O Espiritismo no contexto humano
Com o avanço científico e cultural realizado
principalmente a partir do século 18, novas
luzes foram acesas no conhecimento humano,
permitindo que em meados do século 19 tivéssemos
condições para receber a revelação espírita,
após intenso trabalho de Allan Kardec junto aos
Espíritos Superiores, via mediunidade, dando
surgimento à obra O Livro dos Espíritos e
ao consequente lançamento do Espiritismo ou
Doutrina Espírita. Uma nova era tinha início,
com sérias e profundas implicações na evolução
humana, face a uma doutrina que une em seu
edifício doutrinário a ciência, a filosofia e a
religião, não apenas do ponto de vista material,
mas igualmente do ponto de vista espiritual.
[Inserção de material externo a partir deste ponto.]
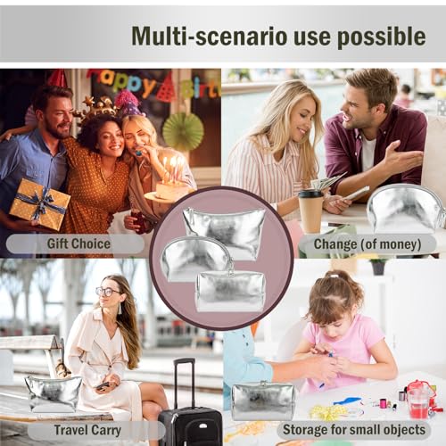 3pcs Make up Bag Set Travel Makeup Bags for Women Leather Cosmetic Bag Toiletry Organizer Bag Personalized Makeup Pouch Skincare Bag Silver

O
Espiritismo, como muito bem afirma Kardec, não é
doutrina formulada pela concepção de um homem, e
sim doutrina emanada dos ensinos dos Espíritos,
que se revelaram através dos fenômenos
mediúnicos devidamente observados e estudados,
ou seja, é doutrina trazida pelos desencarnados
para os encarnados, todos seres humanos,
portanto, uma doutrina de ordem natural, sem
nada de místico ou sobrenatural.
A finalidade maior do Espiritismo é auxiliar o
progresso moral da humanidade, o que somente
poderá acontecer conforme o paulatino e
progressivo progresso moral dos indivíduos, pois
a humanidade nada mais é do que o coletivo dos
seres humanos. Não há como transformar as
estruturas sociais sem transformar os homens e
mulheres, pois são eles que fazem essas
estruturas. Nesse contexto devemos entender a
necessidade de mudanças profundas na
mentalidade, no pensamento e nas ações de cada
um, aqui nos incluindo, para que haja um efetivo
combate ao egoísmo e ao orgulho, as duas grandes
chagas da nossa sociedade.
O Espiritismo vai muito além da mediunidade, da
assistência e promoção social, do passe, do
tratamento espiritual, que caracterizam muitos
centros espíritas. Embora sejam serviços
pertencentes à ação espírita, e tenham sua
importância, não resumem nem revelam em sua
totalidade a doutrina trazida pelos Espíritos.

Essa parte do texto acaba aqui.